Pharmacologists of Bangabandhu Sheikh Mujib Medical University (BSMMU) Saturday expressed grave concern over the abuses of antibiotics and their subsequent negative impacts on both human and animal health in the country, reports BSS. "The days are not very far when the entire nation would be under severe threats of antibiotics resistance due to abuses of the drug that kills germ bacteria," associate professor Dr Mohammad Sayedur Rahman told journalists at media orientation programme at the university. The BSMMU in association with the World Health Oraganization (WHO) organized the programme in line with the World Health Day, the theme of which for this year is 'Antimicrobial Resistance: No Action Today, No Cure Tomorrow'. WHO's Public Information Consultant SM Mahfuzur Rahman said the campaign against antibiotics resistance would continue beyond World Health Day for round the year.
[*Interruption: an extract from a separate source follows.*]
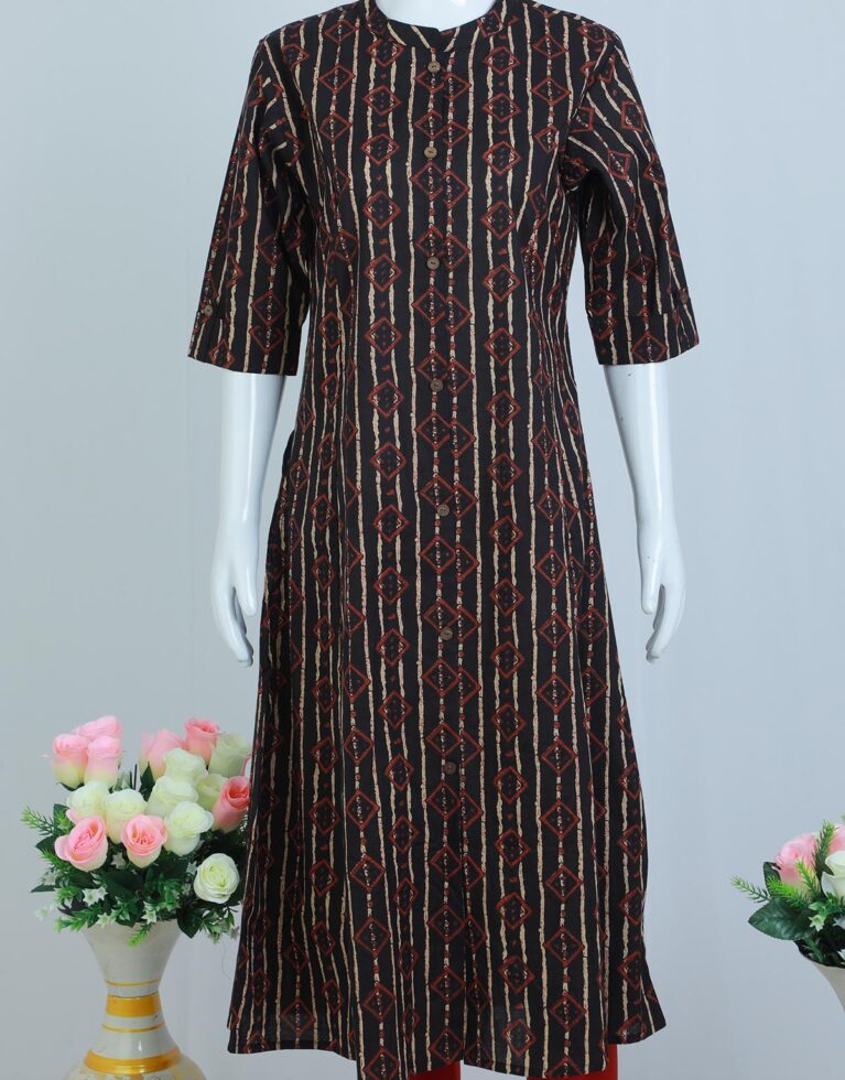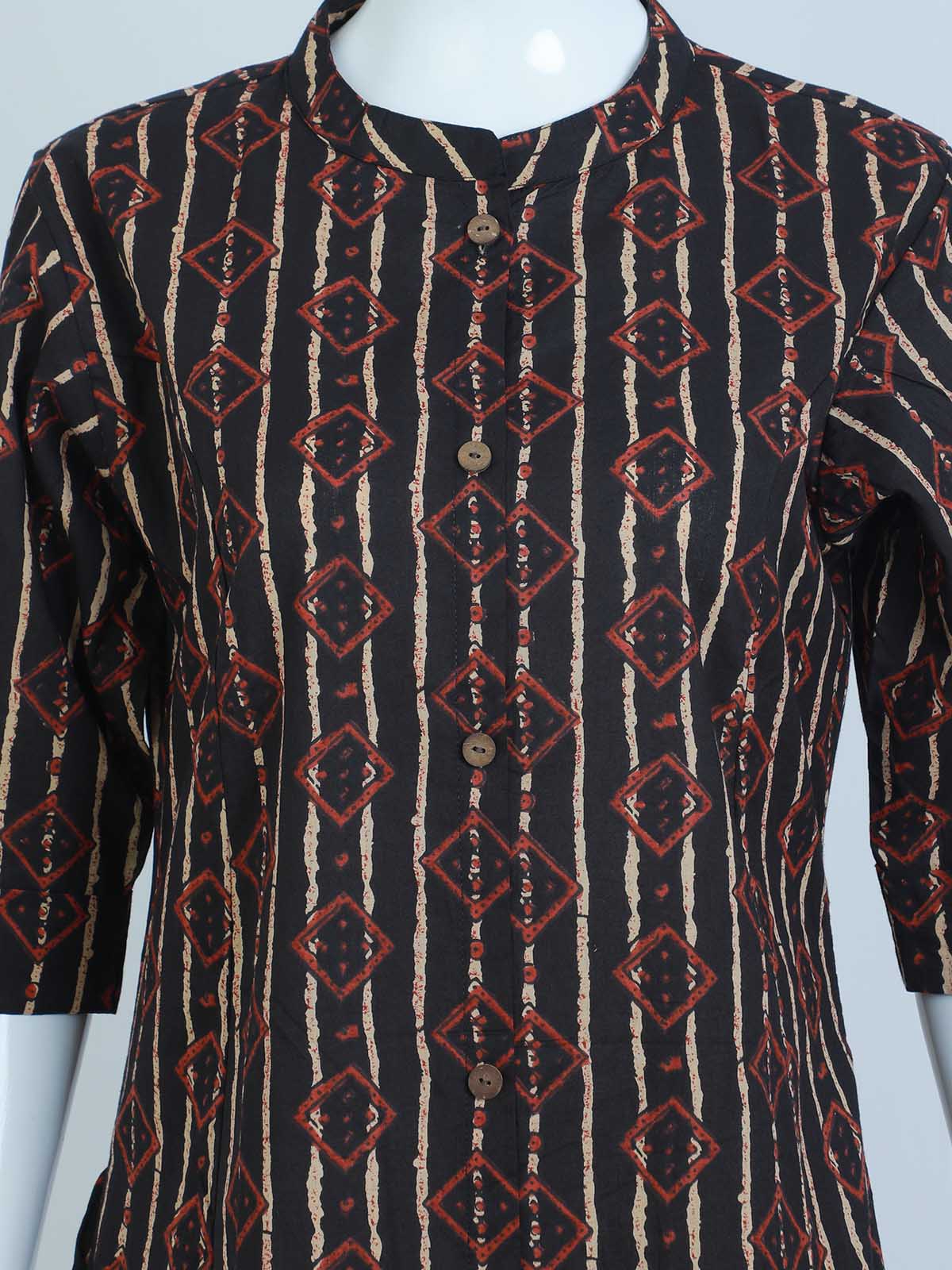 GEOMETIC PRINTED COTTON FABRIC WITH CHINESE COLLAR AND CUFF SLEEVEs

Sayedur Rahman said the government should immediately formulate a policy for the uses of antibiotics, much of which have been developed between 1940 and 1970 to treat bacterial and fungal infections. Erwin Cooreman, medical officer WHO, said Bangladesh has neither a proper guideline nor the doctors follow any antibiotics protocol during prescription. As a result, he said, first generation antibiotics have almost become ineffective to cure patients, while second generations are facing non-responsiveness.